Writing StyleGAN from scratch with TensorFlow to edit face (and CycleGAN, GauGAN, BigGAN and many more)
Nowadays, we can’t escape from seeing social media posts showing how AI create amazing results. This include using deepfakes to swap face with actor in Hollywood films, transforming face into different gender or age, or more recently, to swap your pyjamas into suit for video conferencing call! This all looks like magic. Indeed, any sufficiently advanced technology is indistinguishable from magic.
These are made possible with recent advancement in deep learning, or more specifically deep neural networks known as Generative Adversarial Networks (GANs) and autoencoder. There are many free online resources teaching how to use GANs but they tend to use simple GANs on toy dataset such as MNIST. On the other hand, many researchers publish code for their state-of-the-art models but they were often written in an obscure way that optimized for model performance at the expense of readability. More importantly, at the time of writing, I could not find any teaching materials, be it textbooks or online courses that systematically teach the important techniques needed to understand these models. This motivated me to write a book to bridge the gap.

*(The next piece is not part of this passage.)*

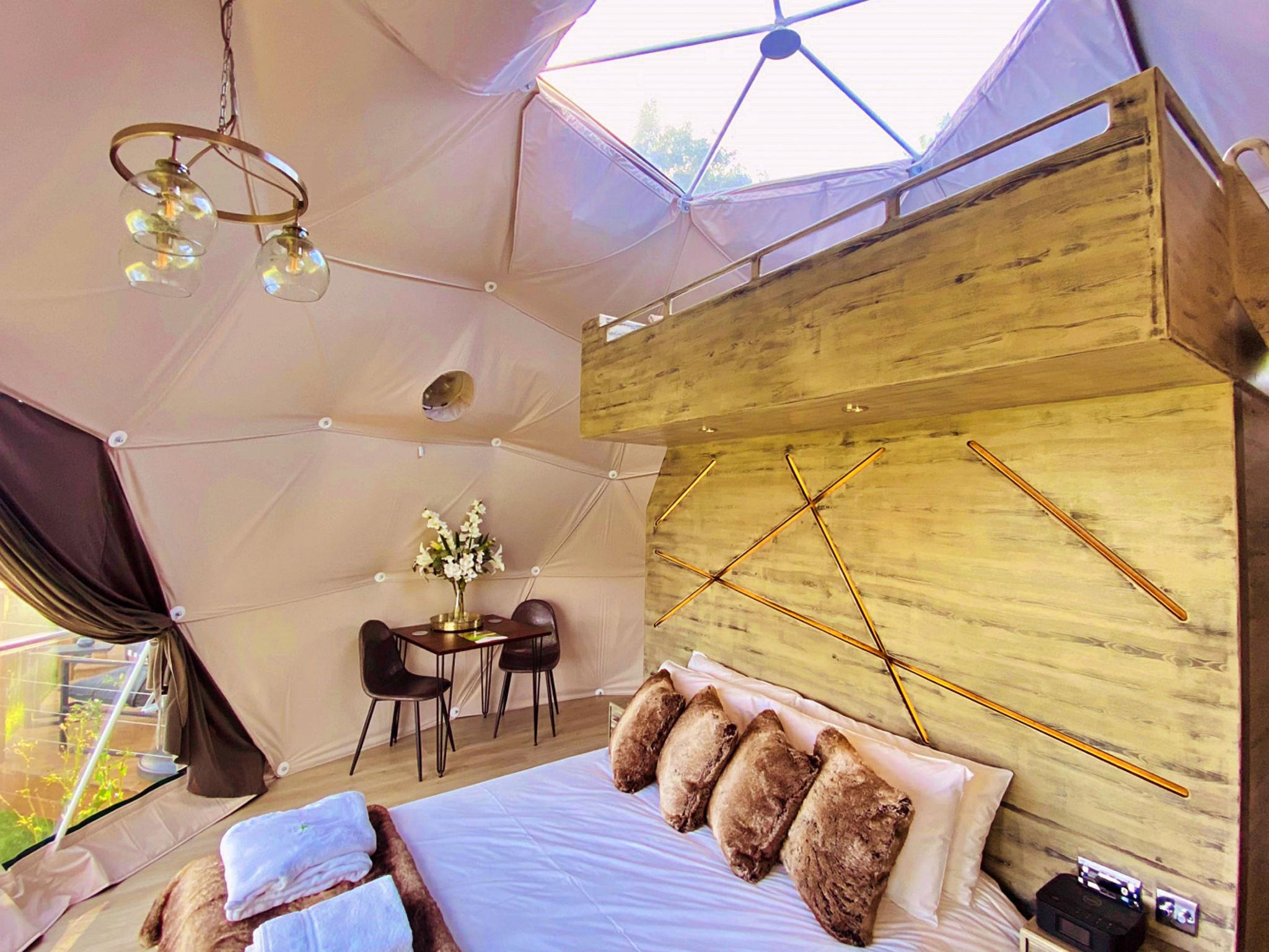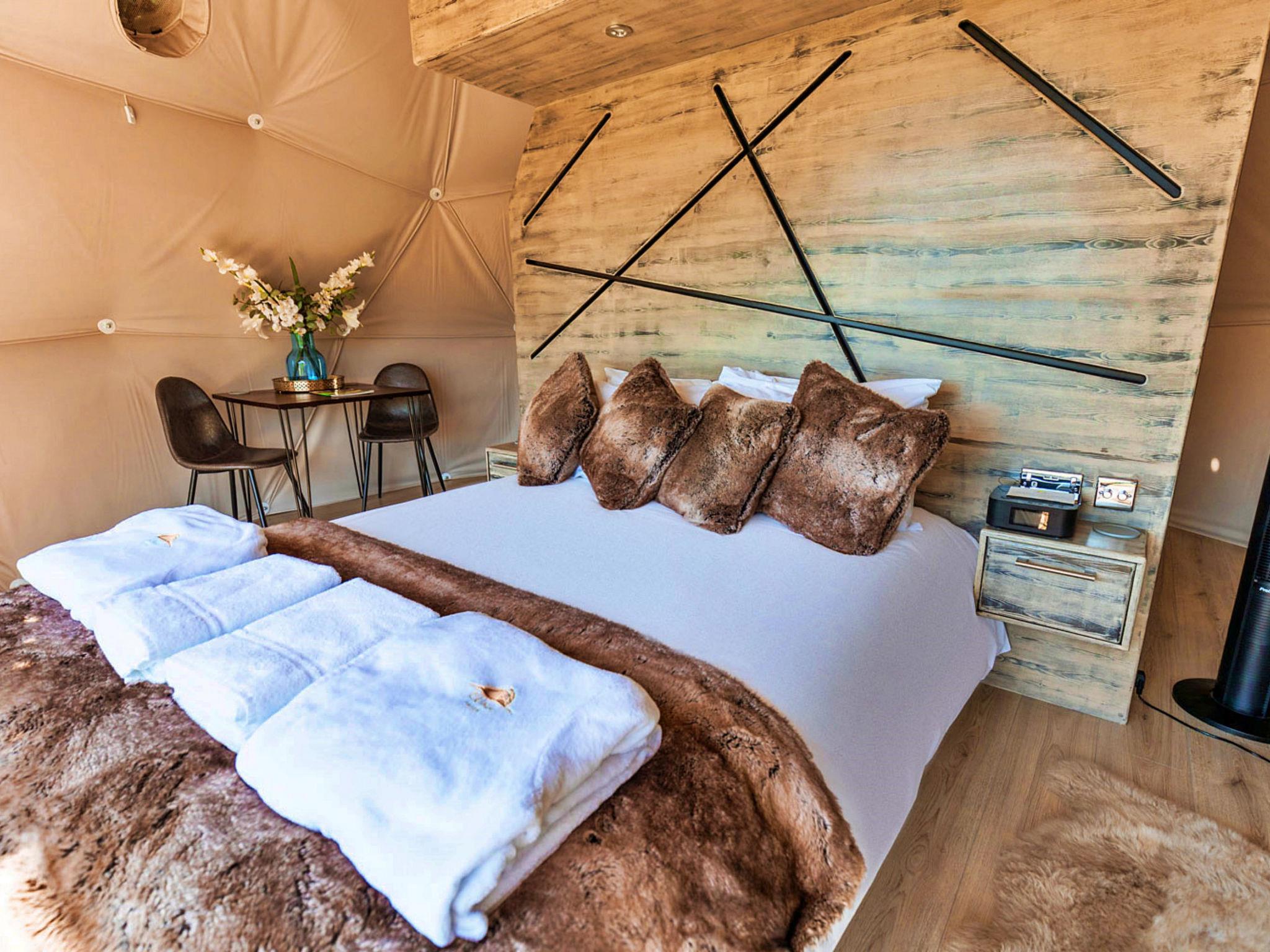 "Scotney Luxury Dome", 2-Zimmer-Chalet 30 m2, im Erdgeschoss. Objekt geeignet für 4 Erwachsene. Wohnzimmer mit offenem Kamin. 1 Zimmer mit 2 franz. Betten. Küche (Toaster, Wasserkocher, Mikrowelle, elektrische Kaffeemaschine). Dusche/WC. Gartengrill. Zur Verfügung: Bügeleisen, Haartrockner. Internet (WLAN, gratis). Parkplatz (2 Autos). Bitte beachten: Nichtraucher-Unterkunft. Rauchmelder.

In this blog post, I will introduce the book’s content which will take you from understanding basic concepts through to implement the complex models.
All images and video in this blog are generated using codes in the book, and all codes were written from scratch. There are 18 model implementations that run on Jupyter notebook or Google Colab.
What Will You Learn?
Below are the book chapters:
- Getting Started with Image Generation with TensorFlow. We will learn the basic concept of probability and how it is used to create probabilistic generative model. We will learn how to use TensorFlow 2 to build custom layer for PixelCNN to generate the first handwritten digit (MNIST) images.

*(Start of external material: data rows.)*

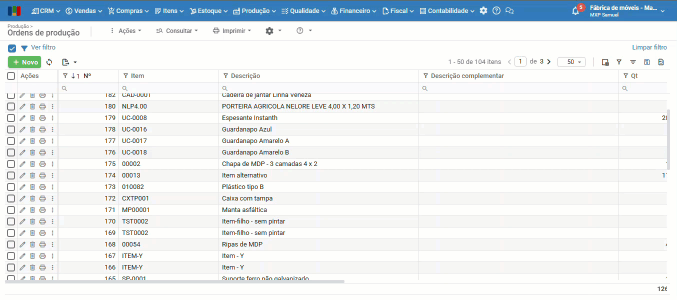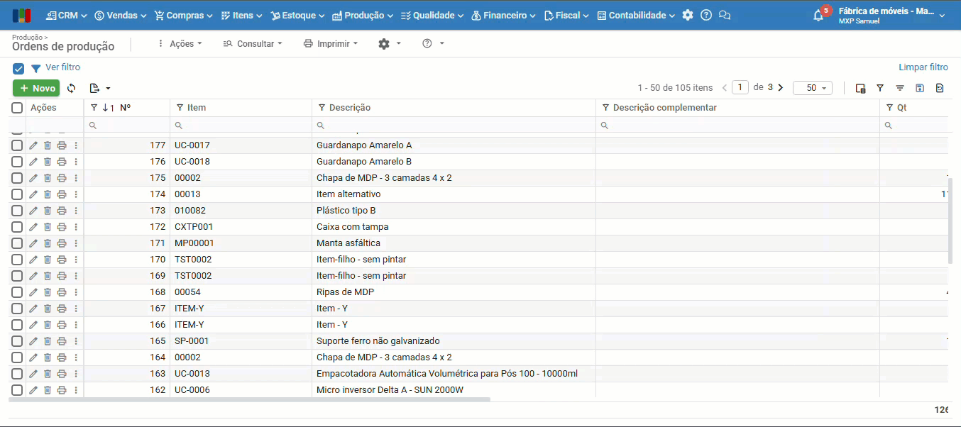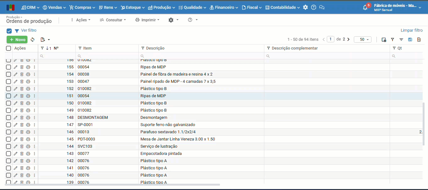 Resposta: na nova versão, os filtros de cada propriedade das OPs ficam localizados na respectiva coluna dessa propriedade. No exemplo abaixo, as ordens de produção foram filtradas a partir do filtro “Descrição”.
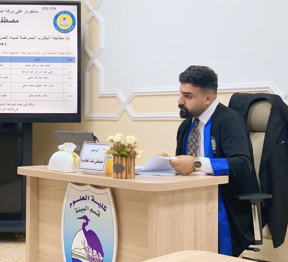 وهدفت الدراسة التي قدمها الطالب مصطفى عبد الكريم جدوع الى معالجة التلوث البكتيري لمياه الصرف الصحي للمستشفيات باستخدام طرق صديقة للبيئة باستخدام المستخلصات النباتية والجسيمات النانوية المخلقة حيوياً من المستخلصات النباتية واستخدامها في معالجة مياه الصرف الصحي.
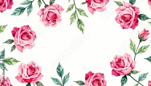 Fototapeta premium Delicate watercolor roses & leaves, repeating pattern, wallpaper, background

- Variational Autoencoder. Autoencoder is a versatile model that can be used in many image processing tasks such as denoising, super resolution, and to create deepfake. In this chapter, we will learn how to use it to generate and edit faces in Jupyter notebook.

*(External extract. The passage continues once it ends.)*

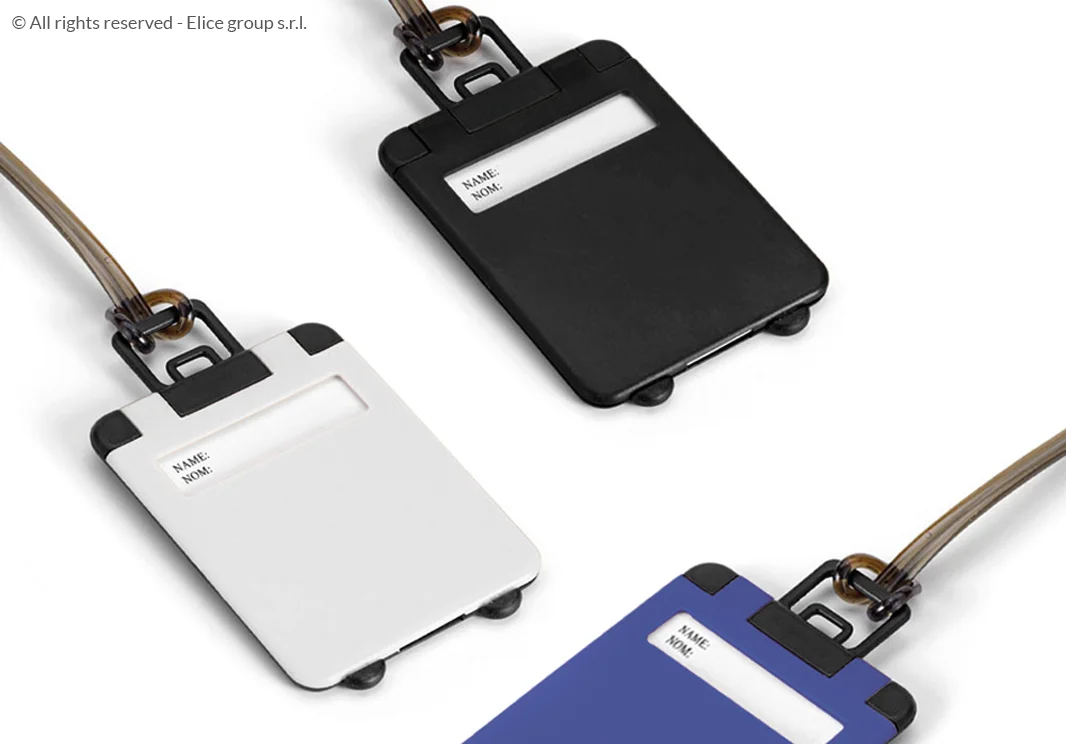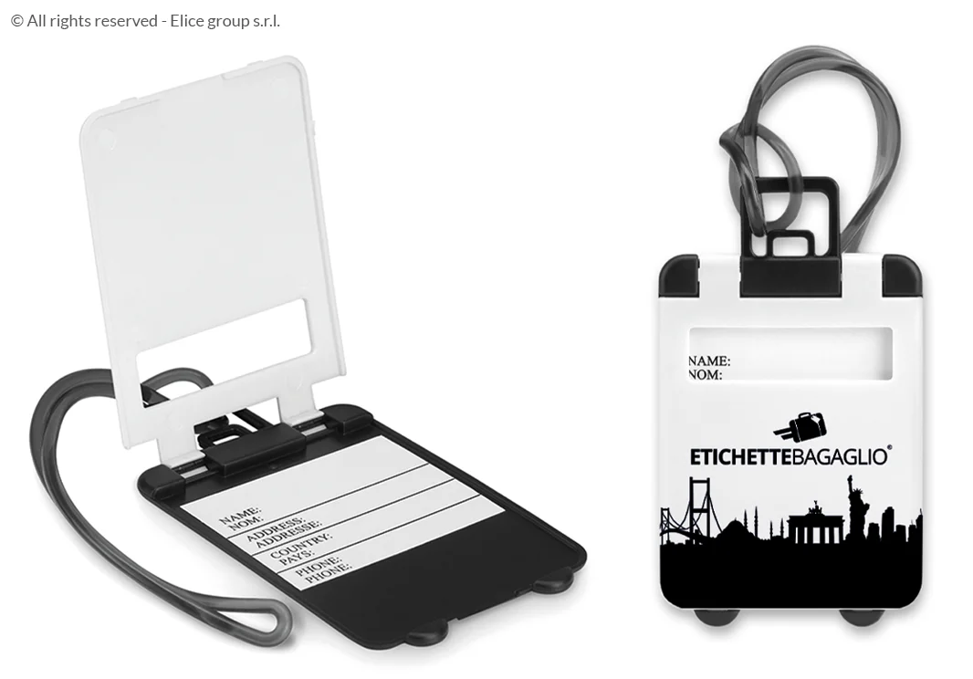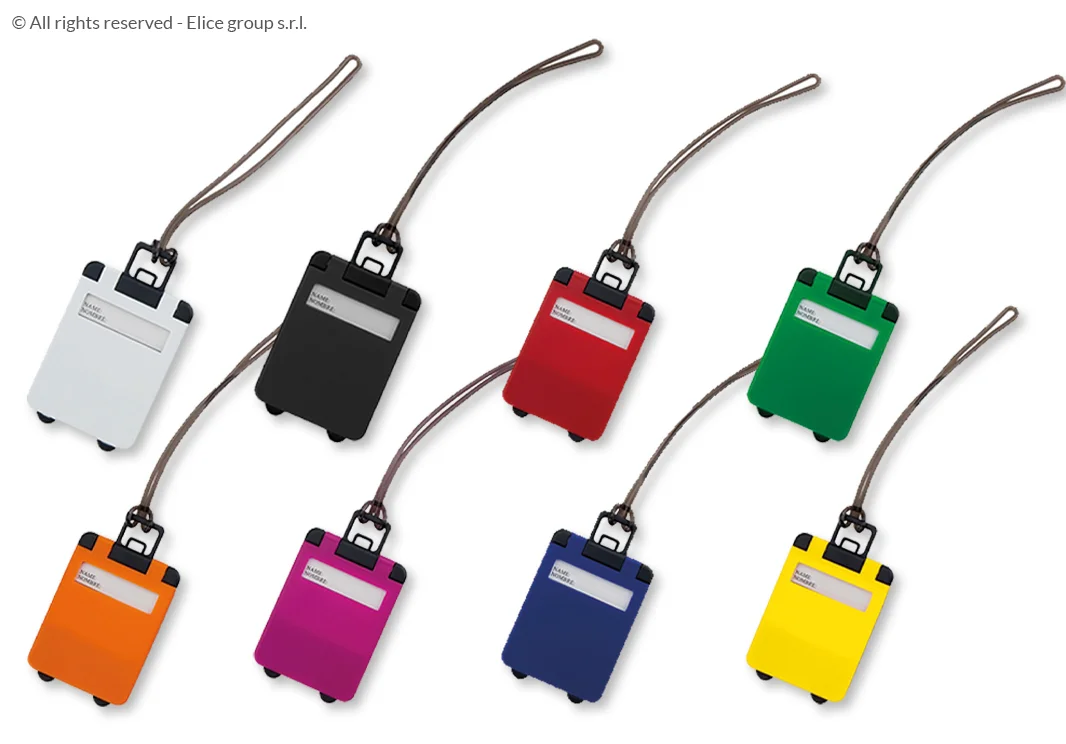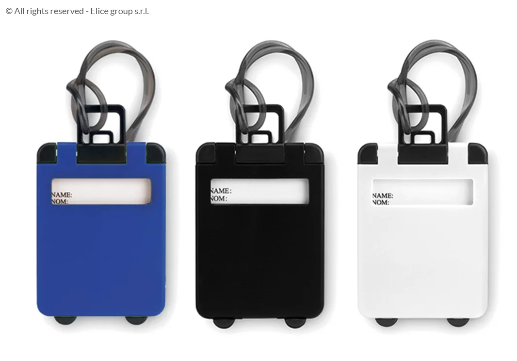 Etichetta in plastica rigida dalla graziosa forma di trolley ideale per ritrovare il tuo bagaglio. La parte esterna dell’etichetta in plastica rigida a forma di trolley si può personalizzare con il testo e caratteri identificativi dell’agenzia. All’interno c’è il cartoncino che tutela la tua privacy, per scrivere i dati del viaggiatore. L’etichetta è provvista di laccetto in gomma per agganciarla facilmente al proprio bagaglio.

3. Generative Adversarial Network (GAN). This includes everything you’ll need to know about GANs. We will use GANs to generate fashion MNIST. Most introductory books and tutorials stop at conditional GAN or DCGAN but it is only the beginning in this book. We will go on to implement WGAN and WGAN-GP to stabilize the training of GANs.
4. Image-to-Image Translation. Many computer vision tasks can be framed as image-to-image translation e.g. sketch-to-image, day-to-night, segmentation map-to-photo etc. There are quite a number of models to implement here, namely pix2pix, CycleGAN and BiCycleGAN. We will go through them one-by-one, it is not as scary as it sounds.
5. Style Transfer. We use neural style transfer to convert photo into artistic painting. Although neural style transfer also uses deep neural network but it is technically different from training a GAN or autoencoder model. However, it does has profound impact to the subsequent development of style-based GANs.
6. AI Painter. We’ll first go over how to use iGAN (Interactive GAN) to manipulate image, then we will implement Nvidia’s GauGAN to realistic looking photos from simple segmentation maps.
7. High Fidelity Face Generation. We will implement two famous models in this chapter, namely Progressive GAN (ProGAN) and StyleGAN to generate high definition portrait images. Most of the face generation AI you see online come from this family of model that grow the network progressively from low resolution of 4x4, 8x8, …, to 1024x1024. Compared to ProGAN, StyleGAN has built-in features to allow for style mixing as shown in the video on top of the page. A pre-trained model of 256x256 resolution is provided for you to play with.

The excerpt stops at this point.